- County: Hampshire

1832–1885
- Seats: Two
- Created from: Hampshire
- Replaced by: Basingstoke or Northern Hampshire, Andover or West Hampshire, Petersfield or East Hampshire

= North Hampshire (constituency) =

Former parliamentary constituency in the United Kingdom

North Hampshire (formally the Northern division of Hampshire) was a constituency as one of two in the county of Hampshire proper, which returned two Members of Parliament (MPs) to the House of Commons of the UK Parliament between 1832 and 1885. Its members were elected by the bloc vote version of the first-past-the-post system.

It was created under the Great Reform Act for the 1832 general election, and abolished by the Redistribution of Seats Act 1885 for the 1885 general election.

==Creation, boundaries and abolition==
The county was created as one of three divisions of Hampshire as Hampshire formerly included the Isle of Wight to make up a large area and large-electorate two-member seat due to a growing number of tiny electorate increasingly rotten boroughs since the 13th century until this was abolished under the Great Reform Act 1832.

1832–1885: The Petty Sessional Divisions of Alton, Andover, Basingstoke, King's Clere [Kingsclere], Droxford, Odiham, Petersfield and Winchester.

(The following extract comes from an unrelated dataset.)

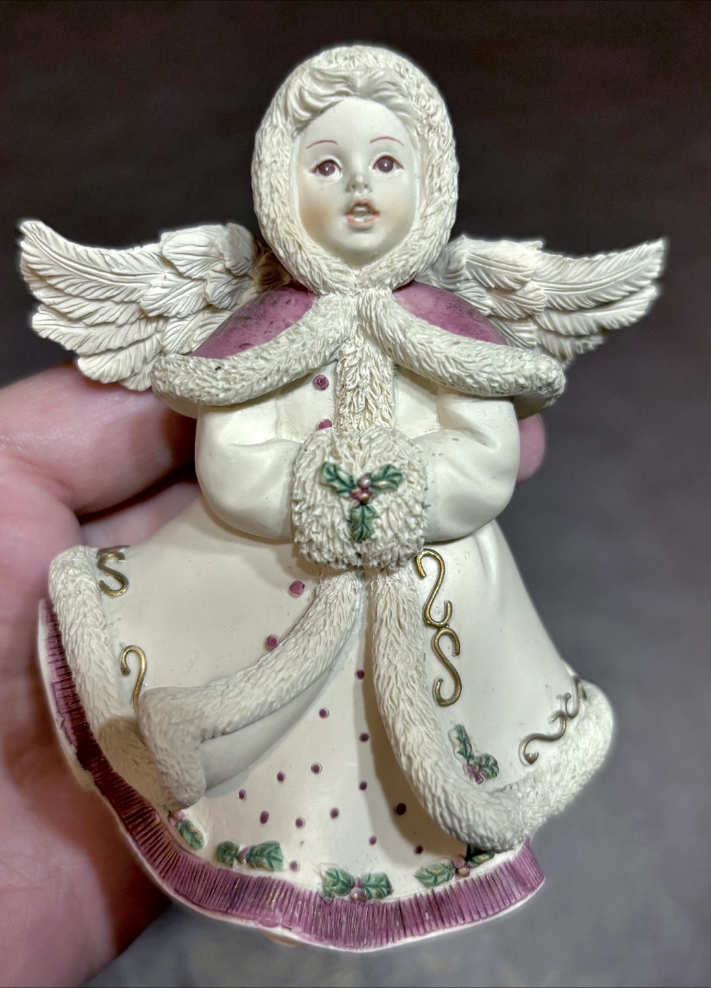 This figurine depicts an angel dressed in winter attire, featuring a fur-trimmed hood and coat, and holding a pomander decorated with holly.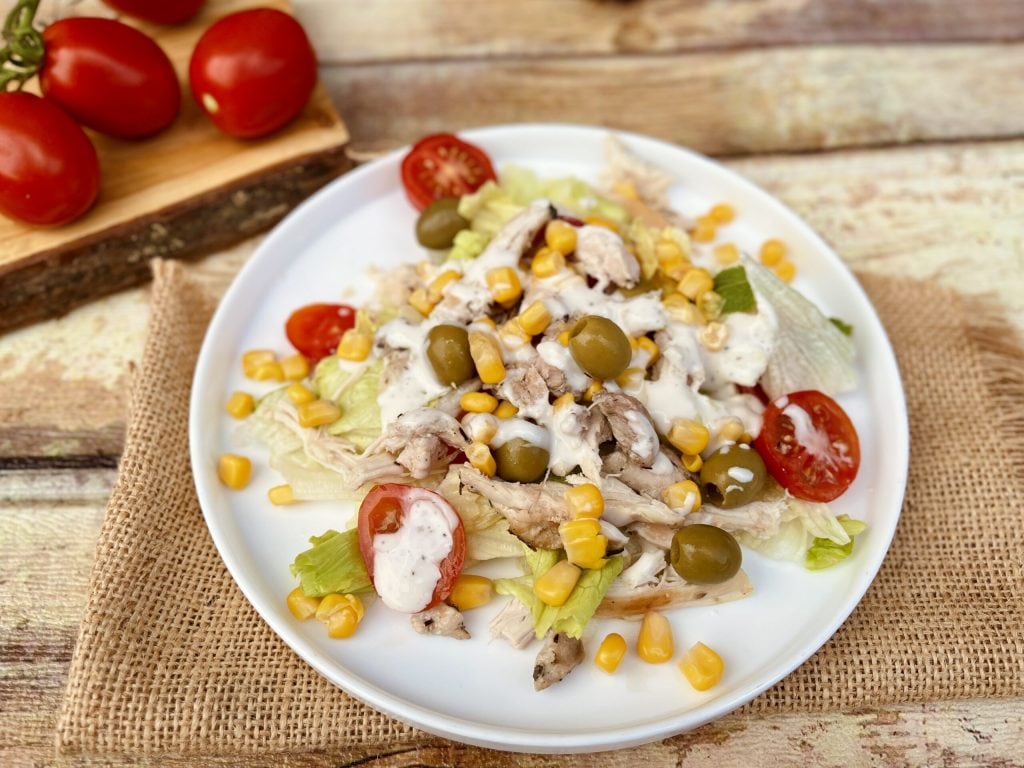 En esta receta te muestro cómo prepararla en pocos y sencillos pasos, con ingredientes frescos y genuinos: lechuga iceberg, tomates cherry, maíz dulce, aceitunas verdes y pechuga de pollo a la parrilla. ¿El toque extra? La salsa de yogur ligera y aromática que la hace irresistible!

Under the Redistribution of Seats Act 1885 the seat was abolished; replaced by three seats:

- Basingstoke or Northern Hampshire - this took in the town and two sessional divisions in the mid-north
- Andover or West Hampshire - this took in Andover and Kingsclere sessional divisions and Winchester city
- Petersfield or East Hampshire - this took in Alton, Droxford and Petersfield sessional divisions and the rest of Winchester sessional division (including the town of Alresford)

==Members of Parliament==

| Election | 1st Member |  | 1st Party | Notes | 2nd Member |  | 2nd Party | Notes |
| 1832 |  | Charles Shaw-Lefevre | Whig | Speaker from 1839 to 1857; Created Lord Eversley in 1857 |  | James Winter Scott | Whig |  |
| 1837 |  | Sir William Heathcote, Bt | Conservative |  |
| 1849 by-election |  | Melville Portal | Conservative |  |
| 1857 |  | William Wither Bramston Beach | Conservative |  |  | George Sclater-Booth | Conservative | Created Lord Basing |
1885 constituency abolished

== Election results ==
===Elections in the 1830s===

General election 1832: North Hampshire
| Party |  | Candidate | Votes | % |
|  | Whig | Charles Shaw-Lefevre | 1,111 | 30.7 |
|  | Whig | James Winter Scott | 1,082 | 29.9 |
|  | Tory | Arthur Wellesley | 723 | 20.0 |
|  | Tory | Walter Long | 701 | 19.4 |
| Majority |  |  | 359 | 9.9 |
| Turnout |  |  | 1,810 | 74.7 |
| Registered electors |  |  | 2,424 |  |
|  | Whig win (new seat) |  |  |  |  |
|  | Whig win (new seat) |  |  |  |  |

General election 1835: North Hampshire
| Party |  | Candidate | Votes | % |
|  | Whig | Charles Shaw-Lefevre | Unopposed |  |  |
|  | Whig | James Winter Scott | Unopposed |  |  |
| Registered electors |  |  | 2,694 |  |
|  | Whig hold |  |  |  |  |
|  | Whig hold |  |  |  |  |

General election 1837: North Hampshire
| Party |  | Candidate | Votes | % |
|  | Whig | Charles Shaw-Lefevre | Unopposed |  |  |
|  | Conservative | William Heathcote | Unopposed |  |  |
| Registered electors |  |  | 3,616 |  |
|  | Whig hold |  |  |  |  |
|  | Conservative gain from Whig |  |  |  |  |

===Elections in the 1840s===

General election 1841: North Hampshire
| Party |  | Candidate | Votes | % | ±% |
|---|---|---|---|---|---|
|  | Conservative | William Heathcote | Unopposed |  |  |
|  | Speaker | Charles Shaw-Lefevre | Unopposed |  |  |
| Registered electors |  |  | 3,668 |  |  |
|  | Conservative hold |  |  |  |  |
|  | Speaker gain from Whig |  |  |  |  |

General election 1847: North Hampshire
| Party |  | Candidate | Votes | % | ±% |
|---|---|---|---|---|---|
|  | Conservative | William Heathcote | Unopposed |  |  |
|  | Speaker | Charles Shaw-Lefevre | Unopposed |  |  |
| Registered electors |  |  | 3,411 |  |  |
|  | Conservative hold |  |  |  |  |
|  | Speaker hold |  |  |  |  |

Heathcote resigned by accepting the office of Steward of the Chiltern Hundreds, causing a by-election.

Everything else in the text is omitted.